- _Exercise brief_
Pictures aside, write out every record exactly as it appears.

- _Material supplied_
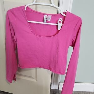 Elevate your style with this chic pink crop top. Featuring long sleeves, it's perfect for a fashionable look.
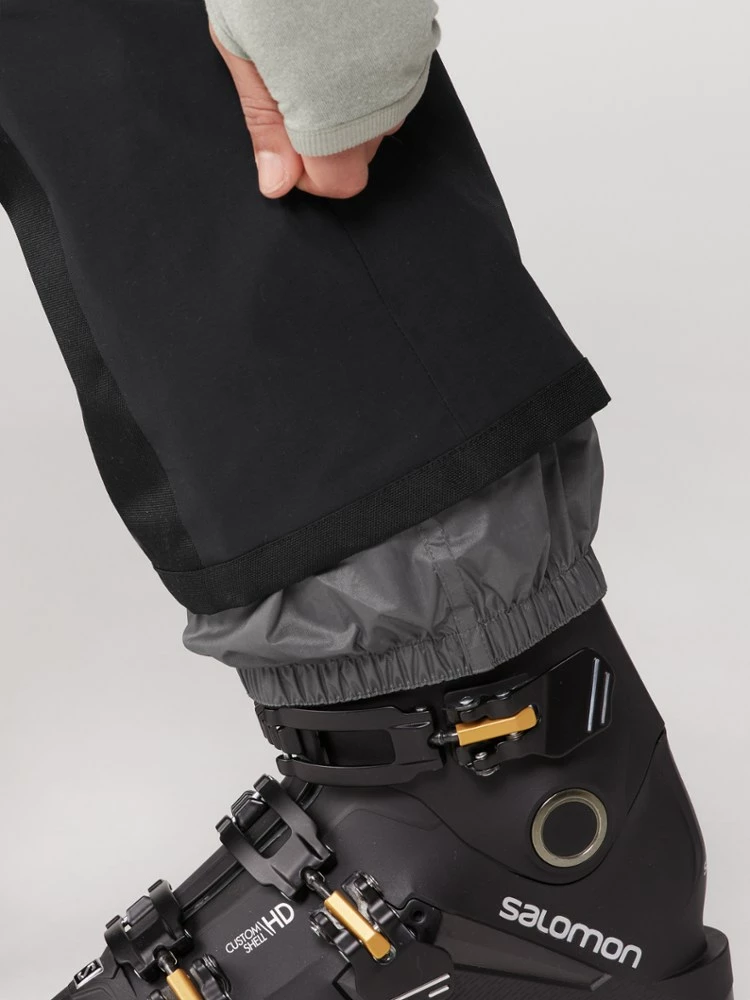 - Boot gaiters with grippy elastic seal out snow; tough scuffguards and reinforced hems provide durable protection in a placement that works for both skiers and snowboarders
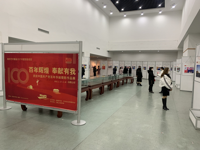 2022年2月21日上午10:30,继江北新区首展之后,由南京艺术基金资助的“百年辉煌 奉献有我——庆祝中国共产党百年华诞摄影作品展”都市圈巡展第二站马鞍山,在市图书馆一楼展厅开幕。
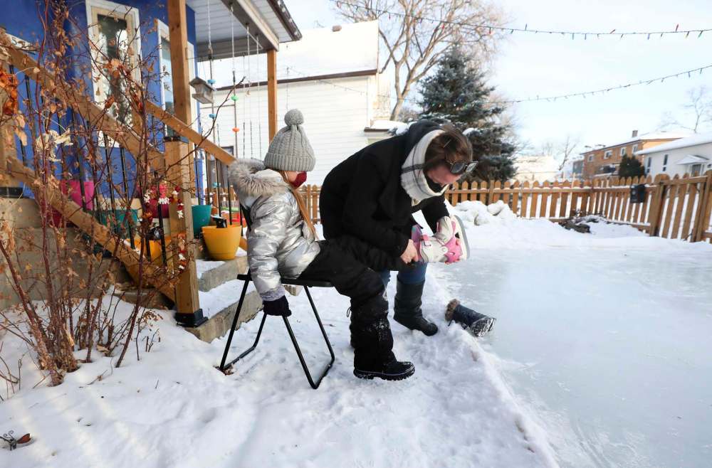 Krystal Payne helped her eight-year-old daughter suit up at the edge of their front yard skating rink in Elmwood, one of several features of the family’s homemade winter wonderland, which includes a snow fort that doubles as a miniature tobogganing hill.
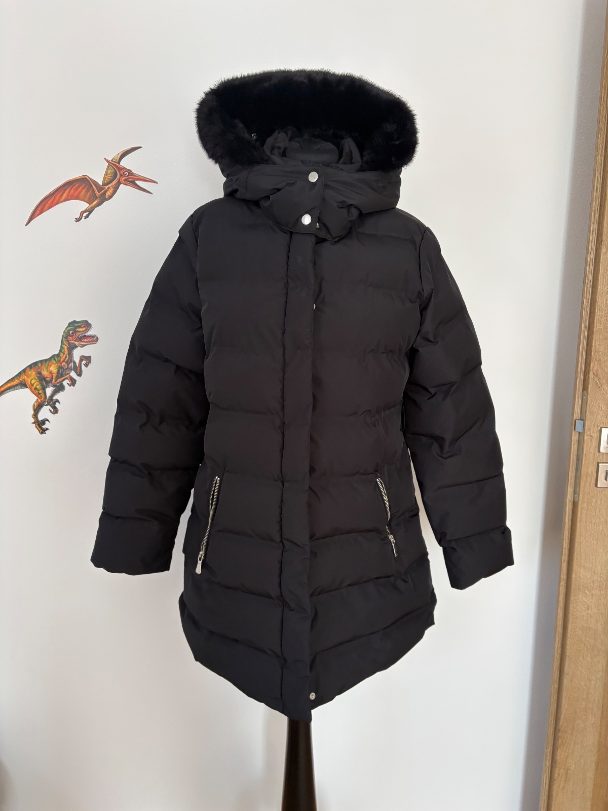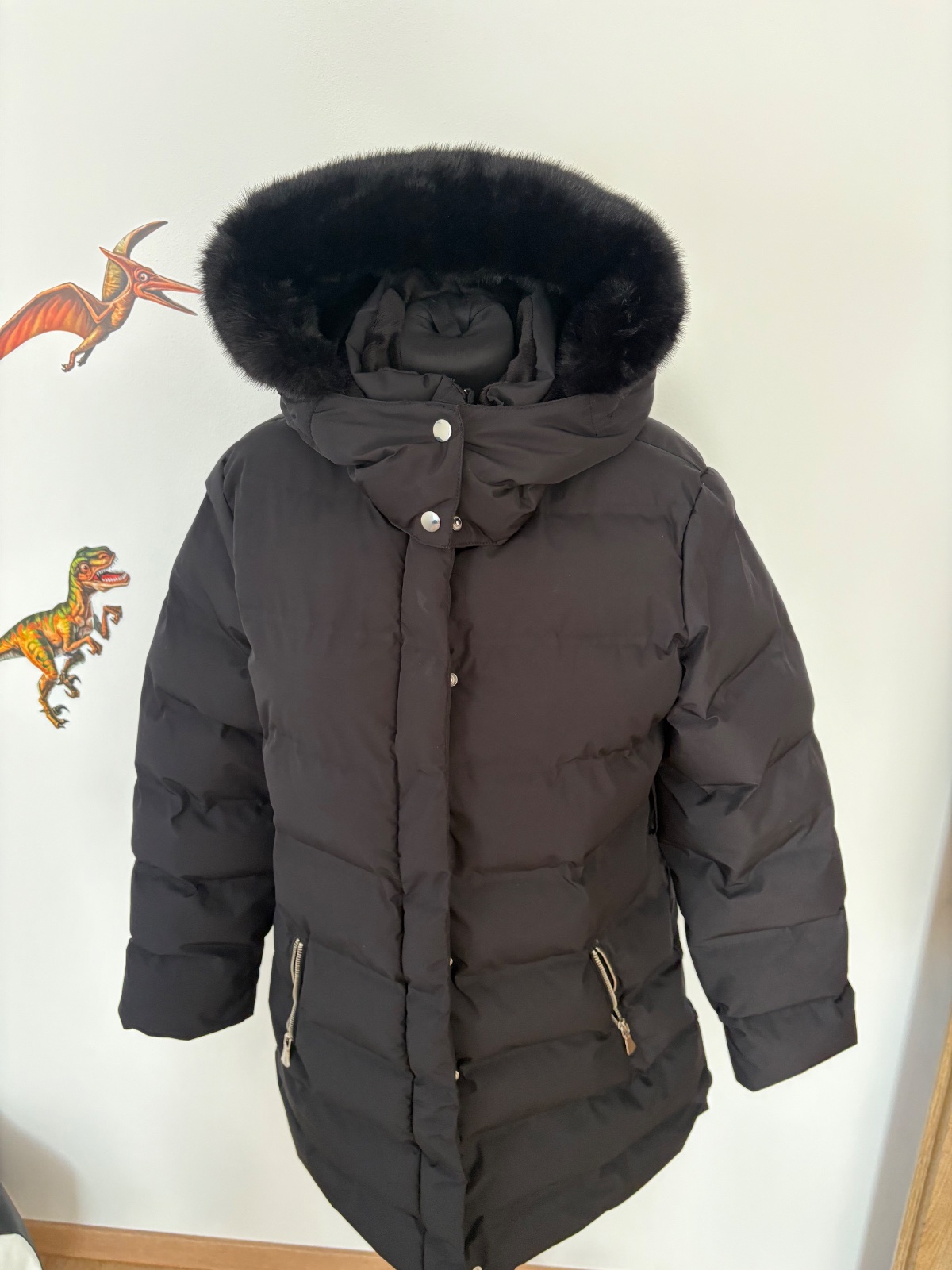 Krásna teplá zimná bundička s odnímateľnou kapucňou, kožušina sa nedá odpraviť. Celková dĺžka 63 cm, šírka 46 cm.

- _Reply_
 Elevate your style with this chic pink crop top. Featuring long sleeves, it's perfect for a fashionable look.
 - Boot gaiters with grippy elastic seal out snow; tough scuffguards and reinforced hems provide durable protection in a placement that works for both skiers and snowboarders
 2022年2月21日上午10:30,继江北新区首展之后,由南京艺术基金资助的“百年辉煌 奉献有我——庆祝中国共产党百年华诞摄影作品展”都市圈巡展第二站马鞍山,在市图书馆一楼展厅开幕。
 Krystal Payne helped her eight-year-old daughter suit up at the edge of their front yard skating rink in Elmwood, one of several features of the family’s homemade winter wonderland, which includes a snow fort that doubles as a miniature tobogganing hill.
 Krásna teplá zimná bundička s odnímateľnou kapucňou, kožušina sa nedá odpraviť. Celková dĺžka 63 cm, šírka 46 cm.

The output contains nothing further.